Arne Garborg. Śmierć

 Na tym etapie pobytu na Ziemi, na jakim jestem, to już w zasadzie jedynie o tej największej przygodzie życia wypada mi rozmyślać szczególnie intensywnie... I może im szybciej, tym lepiej. Bo mogę być już tylko starszy i coraz bardziej śmieszny... Umrzeć - zawsze powtarzam, że najlepiej zrobić to szybko i z dala od dobrych ludzi... Kiedyś śmierć mnie odwiedziła. Tak wytrwale o niej myślałem, że wdepnęła w trakcie jednej ze swych służbowych wycieczek. Dla beki wystroiła się w habit i wzięła kosę... Chociaż wiem, że ona dobrze wie, czym mnie można zanęcić, tak jak to wiedział Arne Garborg. Naszą rozmowę kiedyś tu odtworzyłem. Oczywiście poszła sobie, ledwie mnie tylko tykając paluszkiem, nonszalancko i z pieszczotliwym politowaniem. Jeszcze nie miała u mnie nic do roboty, a na dodatek wywęszyła podczas swej porannej wizyty, że po nocy czuć mnie było nasieniem... Z punktu widzenia demografii moje starania pozostają bezowocne, niemniej tonąłem w smrodku jak najbardziej afirmującym życie... No, ale właśnie, Arne Garborg (1851 - 1924), norweski pisarz, kiedyś, na młodopolskiej fali zachwytów nad Północą, czytany także i nad Wisłą; bywalec, gość choćby w "Czarnym Prosiaku" w Berlinie, gdzie wraz z małżonką Huldą, która dorobiła się patetycznej ksywki "Matka Norwegii", bratał się ze słynną bohemą, tam, gdzie wpadali w swych życiowych zawirowaniach Strindberg, Munch, Dagny, Przybyszewski, Obstfelder... Norweg napisał 120 lat temu m. in. takie opowiadanko o śmierci, bardzo krzepiące i jakby w duchu mej myśli i tęsknoty. Siadłem przedwczoraj na powietrzu i sporządziłem swój przekład utworu z powietrza także, z "Fjell - Luft", czyli "Górskiego powietrza":

Arne Garborg

"Śmierć" 

-Hm.

Wuj odchrząknął, a na jego ustach zawitał lekki uśmieszek.

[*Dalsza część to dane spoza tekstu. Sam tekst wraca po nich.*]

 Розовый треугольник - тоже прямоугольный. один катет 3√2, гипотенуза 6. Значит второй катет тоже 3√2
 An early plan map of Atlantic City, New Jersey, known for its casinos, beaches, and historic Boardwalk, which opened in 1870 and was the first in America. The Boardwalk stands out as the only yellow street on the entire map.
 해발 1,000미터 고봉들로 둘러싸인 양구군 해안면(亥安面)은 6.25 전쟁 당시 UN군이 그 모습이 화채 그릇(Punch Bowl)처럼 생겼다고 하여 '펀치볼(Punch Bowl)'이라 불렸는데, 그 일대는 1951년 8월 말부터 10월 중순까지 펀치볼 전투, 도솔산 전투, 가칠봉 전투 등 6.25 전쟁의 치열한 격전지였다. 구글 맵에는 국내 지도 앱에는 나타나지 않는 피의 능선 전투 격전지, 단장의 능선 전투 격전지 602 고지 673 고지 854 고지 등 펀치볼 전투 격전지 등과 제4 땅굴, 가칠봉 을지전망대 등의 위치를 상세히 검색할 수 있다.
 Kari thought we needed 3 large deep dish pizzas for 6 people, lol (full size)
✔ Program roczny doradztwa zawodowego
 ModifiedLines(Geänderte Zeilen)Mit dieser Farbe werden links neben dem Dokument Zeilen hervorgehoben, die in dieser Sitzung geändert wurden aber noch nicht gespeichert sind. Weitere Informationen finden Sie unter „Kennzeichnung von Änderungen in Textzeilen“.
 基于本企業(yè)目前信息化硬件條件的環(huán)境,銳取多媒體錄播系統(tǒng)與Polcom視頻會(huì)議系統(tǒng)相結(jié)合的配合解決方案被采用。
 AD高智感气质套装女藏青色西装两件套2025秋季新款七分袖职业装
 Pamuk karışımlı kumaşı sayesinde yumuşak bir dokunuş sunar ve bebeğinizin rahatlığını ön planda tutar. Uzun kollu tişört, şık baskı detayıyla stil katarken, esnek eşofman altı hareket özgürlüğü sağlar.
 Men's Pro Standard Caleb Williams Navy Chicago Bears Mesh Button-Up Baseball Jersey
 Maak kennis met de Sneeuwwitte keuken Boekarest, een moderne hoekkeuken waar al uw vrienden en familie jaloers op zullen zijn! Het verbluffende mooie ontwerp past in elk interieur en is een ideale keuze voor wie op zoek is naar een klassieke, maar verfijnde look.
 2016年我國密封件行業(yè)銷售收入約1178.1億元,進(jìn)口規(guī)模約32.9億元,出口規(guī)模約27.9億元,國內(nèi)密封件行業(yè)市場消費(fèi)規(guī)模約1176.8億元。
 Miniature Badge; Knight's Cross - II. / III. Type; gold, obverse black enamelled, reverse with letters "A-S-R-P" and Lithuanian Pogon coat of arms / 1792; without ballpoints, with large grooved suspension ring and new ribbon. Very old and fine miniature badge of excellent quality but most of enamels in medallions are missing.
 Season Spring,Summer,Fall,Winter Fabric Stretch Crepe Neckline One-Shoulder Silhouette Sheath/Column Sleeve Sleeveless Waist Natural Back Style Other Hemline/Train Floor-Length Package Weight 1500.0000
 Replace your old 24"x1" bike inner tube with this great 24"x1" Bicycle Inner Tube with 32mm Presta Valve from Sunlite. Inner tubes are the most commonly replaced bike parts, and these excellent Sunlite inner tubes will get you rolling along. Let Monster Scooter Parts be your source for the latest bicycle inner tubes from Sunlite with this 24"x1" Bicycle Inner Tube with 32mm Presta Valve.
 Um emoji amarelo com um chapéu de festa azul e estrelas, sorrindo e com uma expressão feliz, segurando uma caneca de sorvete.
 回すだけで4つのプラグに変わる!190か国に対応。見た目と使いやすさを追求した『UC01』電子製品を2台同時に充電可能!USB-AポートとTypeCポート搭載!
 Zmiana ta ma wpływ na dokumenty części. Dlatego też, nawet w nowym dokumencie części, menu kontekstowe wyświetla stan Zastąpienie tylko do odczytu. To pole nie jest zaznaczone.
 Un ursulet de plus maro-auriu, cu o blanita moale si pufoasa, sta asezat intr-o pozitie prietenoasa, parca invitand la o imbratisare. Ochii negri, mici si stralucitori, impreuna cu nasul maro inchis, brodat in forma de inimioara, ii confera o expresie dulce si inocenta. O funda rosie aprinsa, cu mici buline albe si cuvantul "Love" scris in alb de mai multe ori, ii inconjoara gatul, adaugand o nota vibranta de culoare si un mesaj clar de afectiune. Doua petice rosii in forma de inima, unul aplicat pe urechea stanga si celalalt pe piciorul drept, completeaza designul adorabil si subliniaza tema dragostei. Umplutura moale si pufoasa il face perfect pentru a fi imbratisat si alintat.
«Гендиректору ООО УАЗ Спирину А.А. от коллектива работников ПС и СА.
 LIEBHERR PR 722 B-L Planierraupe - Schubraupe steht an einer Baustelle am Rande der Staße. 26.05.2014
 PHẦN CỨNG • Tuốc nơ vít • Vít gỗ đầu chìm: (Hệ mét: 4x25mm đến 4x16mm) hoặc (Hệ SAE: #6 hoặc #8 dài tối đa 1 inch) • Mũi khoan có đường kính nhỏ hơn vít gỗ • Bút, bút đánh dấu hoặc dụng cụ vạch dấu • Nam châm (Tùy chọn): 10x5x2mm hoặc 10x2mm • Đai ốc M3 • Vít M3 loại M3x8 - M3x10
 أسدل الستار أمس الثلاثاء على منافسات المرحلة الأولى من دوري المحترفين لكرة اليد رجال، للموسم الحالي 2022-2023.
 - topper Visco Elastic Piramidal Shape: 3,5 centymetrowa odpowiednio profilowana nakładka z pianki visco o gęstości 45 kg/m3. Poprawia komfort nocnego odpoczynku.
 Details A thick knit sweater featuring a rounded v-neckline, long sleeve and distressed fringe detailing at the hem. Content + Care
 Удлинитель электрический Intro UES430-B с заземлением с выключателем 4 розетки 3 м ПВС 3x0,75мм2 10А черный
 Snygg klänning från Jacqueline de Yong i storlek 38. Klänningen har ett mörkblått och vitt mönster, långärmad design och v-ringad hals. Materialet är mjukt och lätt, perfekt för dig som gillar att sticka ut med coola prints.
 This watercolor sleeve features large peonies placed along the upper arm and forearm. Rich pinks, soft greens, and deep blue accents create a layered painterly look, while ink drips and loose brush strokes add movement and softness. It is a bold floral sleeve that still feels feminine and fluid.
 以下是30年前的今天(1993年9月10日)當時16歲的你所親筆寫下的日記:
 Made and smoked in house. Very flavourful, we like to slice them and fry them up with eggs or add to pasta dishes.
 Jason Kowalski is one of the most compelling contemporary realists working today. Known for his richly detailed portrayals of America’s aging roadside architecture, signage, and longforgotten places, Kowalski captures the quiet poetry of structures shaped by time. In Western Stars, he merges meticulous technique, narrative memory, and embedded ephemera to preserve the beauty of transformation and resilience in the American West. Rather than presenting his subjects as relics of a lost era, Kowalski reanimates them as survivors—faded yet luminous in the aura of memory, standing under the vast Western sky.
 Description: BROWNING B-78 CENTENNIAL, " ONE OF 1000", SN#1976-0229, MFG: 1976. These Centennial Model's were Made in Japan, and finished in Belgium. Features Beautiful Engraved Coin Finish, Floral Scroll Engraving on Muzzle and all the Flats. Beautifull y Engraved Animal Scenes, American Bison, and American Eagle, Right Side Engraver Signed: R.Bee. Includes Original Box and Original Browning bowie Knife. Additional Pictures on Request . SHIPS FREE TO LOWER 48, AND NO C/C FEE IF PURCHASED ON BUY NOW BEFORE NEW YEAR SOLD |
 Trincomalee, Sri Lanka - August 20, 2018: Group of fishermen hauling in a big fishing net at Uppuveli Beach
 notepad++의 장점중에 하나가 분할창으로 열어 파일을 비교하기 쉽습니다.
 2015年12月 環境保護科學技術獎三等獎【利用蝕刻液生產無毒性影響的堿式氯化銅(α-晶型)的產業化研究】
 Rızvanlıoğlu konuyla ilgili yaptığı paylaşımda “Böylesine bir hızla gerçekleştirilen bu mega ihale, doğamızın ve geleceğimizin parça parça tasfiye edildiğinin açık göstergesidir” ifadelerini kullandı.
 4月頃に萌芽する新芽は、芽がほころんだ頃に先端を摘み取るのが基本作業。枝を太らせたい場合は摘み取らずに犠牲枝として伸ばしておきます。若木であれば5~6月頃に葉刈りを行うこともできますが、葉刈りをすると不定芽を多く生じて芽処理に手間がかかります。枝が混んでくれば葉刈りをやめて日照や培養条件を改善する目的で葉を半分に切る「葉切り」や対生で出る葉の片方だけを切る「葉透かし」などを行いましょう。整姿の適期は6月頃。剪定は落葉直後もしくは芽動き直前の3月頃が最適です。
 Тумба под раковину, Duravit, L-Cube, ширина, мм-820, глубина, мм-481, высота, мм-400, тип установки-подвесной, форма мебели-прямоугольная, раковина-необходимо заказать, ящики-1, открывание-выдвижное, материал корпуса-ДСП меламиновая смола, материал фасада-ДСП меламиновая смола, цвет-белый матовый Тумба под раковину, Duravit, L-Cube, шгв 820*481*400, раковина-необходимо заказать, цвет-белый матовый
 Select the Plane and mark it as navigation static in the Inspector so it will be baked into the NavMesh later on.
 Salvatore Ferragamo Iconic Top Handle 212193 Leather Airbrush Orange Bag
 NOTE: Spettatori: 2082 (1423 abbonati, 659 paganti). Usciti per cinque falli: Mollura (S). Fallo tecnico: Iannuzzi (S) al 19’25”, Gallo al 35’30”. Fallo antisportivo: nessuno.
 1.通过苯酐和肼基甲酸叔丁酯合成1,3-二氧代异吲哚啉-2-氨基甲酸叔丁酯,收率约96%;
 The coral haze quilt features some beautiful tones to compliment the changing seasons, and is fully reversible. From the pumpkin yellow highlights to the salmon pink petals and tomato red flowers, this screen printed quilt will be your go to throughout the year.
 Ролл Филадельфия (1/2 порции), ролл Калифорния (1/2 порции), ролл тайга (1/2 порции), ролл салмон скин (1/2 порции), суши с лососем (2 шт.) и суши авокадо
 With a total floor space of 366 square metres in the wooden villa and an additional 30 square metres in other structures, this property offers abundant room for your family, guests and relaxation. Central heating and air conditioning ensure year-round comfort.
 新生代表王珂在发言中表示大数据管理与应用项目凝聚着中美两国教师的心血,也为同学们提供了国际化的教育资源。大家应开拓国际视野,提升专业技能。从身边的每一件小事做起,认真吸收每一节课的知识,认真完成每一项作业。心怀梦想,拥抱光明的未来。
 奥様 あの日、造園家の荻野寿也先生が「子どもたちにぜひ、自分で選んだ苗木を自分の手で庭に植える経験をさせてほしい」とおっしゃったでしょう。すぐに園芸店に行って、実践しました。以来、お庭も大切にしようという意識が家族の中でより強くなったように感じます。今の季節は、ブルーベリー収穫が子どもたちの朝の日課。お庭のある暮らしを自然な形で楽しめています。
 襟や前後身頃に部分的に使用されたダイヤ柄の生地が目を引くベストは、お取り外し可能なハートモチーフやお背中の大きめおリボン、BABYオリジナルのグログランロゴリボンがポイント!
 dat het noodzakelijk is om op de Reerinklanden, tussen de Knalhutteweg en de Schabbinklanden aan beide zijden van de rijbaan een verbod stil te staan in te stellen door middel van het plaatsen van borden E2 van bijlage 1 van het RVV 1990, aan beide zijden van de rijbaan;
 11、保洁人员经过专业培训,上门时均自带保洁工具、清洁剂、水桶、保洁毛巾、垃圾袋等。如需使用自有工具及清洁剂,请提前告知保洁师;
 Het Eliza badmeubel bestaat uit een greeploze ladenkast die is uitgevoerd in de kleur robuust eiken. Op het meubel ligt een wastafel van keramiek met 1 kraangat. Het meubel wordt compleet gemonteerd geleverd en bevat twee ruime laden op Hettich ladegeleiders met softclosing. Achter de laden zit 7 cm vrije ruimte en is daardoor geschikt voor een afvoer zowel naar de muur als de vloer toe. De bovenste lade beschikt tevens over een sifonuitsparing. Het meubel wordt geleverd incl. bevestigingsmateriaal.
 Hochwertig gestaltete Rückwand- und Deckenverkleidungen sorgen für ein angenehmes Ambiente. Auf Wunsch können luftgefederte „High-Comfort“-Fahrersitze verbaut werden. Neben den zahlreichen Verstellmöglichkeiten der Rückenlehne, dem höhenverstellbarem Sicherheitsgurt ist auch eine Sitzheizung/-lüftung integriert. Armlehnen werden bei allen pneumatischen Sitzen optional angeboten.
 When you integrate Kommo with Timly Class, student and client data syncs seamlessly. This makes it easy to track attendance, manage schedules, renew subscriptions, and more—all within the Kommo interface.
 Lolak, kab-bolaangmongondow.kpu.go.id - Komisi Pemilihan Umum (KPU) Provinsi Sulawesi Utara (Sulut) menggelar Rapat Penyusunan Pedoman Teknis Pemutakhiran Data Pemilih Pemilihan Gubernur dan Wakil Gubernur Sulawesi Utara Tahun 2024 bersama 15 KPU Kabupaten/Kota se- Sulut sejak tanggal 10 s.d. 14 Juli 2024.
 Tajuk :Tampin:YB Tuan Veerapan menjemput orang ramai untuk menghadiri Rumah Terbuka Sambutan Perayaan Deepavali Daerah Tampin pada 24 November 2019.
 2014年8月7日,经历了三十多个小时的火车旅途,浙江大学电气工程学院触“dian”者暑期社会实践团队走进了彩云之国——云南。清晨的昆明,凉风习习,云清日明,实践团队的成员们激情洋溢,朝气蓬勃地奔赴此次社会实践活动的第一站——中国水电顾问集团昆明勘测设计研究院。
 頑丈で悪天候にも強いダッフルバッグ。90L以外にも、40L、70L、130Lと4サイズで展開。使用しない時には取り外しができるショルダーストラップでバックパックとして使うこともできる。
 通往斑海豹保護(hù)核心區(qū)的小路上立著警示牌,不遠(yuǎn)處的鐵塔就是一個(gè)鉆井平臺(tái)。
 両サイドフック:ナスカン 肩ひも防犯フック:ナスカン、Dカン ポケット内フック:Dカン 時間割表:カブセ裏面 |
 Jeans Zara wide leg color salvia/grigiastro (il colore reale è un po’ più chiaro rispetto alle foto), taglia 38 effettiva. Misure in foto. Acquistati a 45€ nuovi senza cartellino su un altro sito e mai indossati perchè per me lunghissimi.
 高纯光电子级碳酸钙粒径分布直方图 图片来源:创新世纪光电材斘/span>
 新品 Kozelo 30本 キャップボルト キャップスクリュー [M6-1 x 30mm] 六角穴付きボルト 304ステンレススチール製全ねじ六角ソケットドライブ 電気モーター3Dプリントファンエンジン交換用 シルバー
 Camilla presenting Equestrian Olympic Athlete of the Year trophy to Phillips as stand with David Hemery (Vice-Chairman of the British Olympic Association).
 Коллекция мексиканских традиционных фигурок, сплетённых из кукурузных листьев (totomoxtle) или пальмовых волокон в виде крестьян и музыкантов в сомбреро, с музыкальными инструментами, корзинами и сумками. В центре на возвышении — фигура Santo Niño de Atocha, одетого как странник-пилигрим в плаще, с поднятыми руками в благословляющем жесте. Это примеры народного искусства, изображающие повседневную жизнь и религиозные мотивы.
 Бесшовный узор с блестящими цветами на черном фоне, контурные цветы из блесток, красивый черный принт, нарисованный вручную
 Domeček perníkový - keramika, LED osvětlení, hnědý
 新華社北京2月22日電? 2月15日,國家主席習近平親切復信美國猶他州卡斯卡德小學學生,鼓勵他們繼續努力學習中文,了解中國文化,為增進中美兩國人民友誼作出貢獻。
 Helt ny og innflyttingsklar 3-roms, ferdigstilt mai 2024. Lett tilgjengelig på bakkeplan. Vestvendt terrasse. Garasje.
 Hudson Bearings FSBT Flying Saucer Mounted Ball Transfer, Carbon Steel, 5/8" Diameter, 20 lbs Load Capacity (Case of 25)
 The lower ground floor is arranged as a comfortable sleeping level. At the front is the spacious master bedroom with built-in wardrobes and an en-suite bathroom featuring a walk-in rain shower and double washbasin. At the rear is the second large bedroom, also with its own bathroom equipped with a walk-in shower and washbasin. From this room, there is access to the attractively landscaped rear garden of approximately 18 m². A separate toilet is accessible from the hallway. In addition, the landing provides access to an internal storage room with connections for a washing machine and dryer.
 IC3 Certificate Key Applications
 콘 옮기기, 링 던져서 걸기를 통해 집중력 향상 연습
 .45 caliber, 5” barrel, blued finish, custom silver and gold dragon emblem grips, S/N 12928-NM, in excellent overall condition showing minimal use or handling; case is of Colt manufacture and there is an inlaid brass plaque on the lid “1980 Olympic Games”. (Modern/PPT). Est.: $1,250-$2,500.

Siedzieliśmy w altanie w ciepłe, słoneczne popołudnie i patrzyliśmy na ogród. Właśnie opowiadałem mu o bracie, który od dawna już niestety martwy i zimny leży w swoim grobie.

- Och, wujku - wzdrygnąłem się - to musi być straszne... To straszne tak umierać.

- Hm - hm - więc aż tak bardzo boisz się śmierci?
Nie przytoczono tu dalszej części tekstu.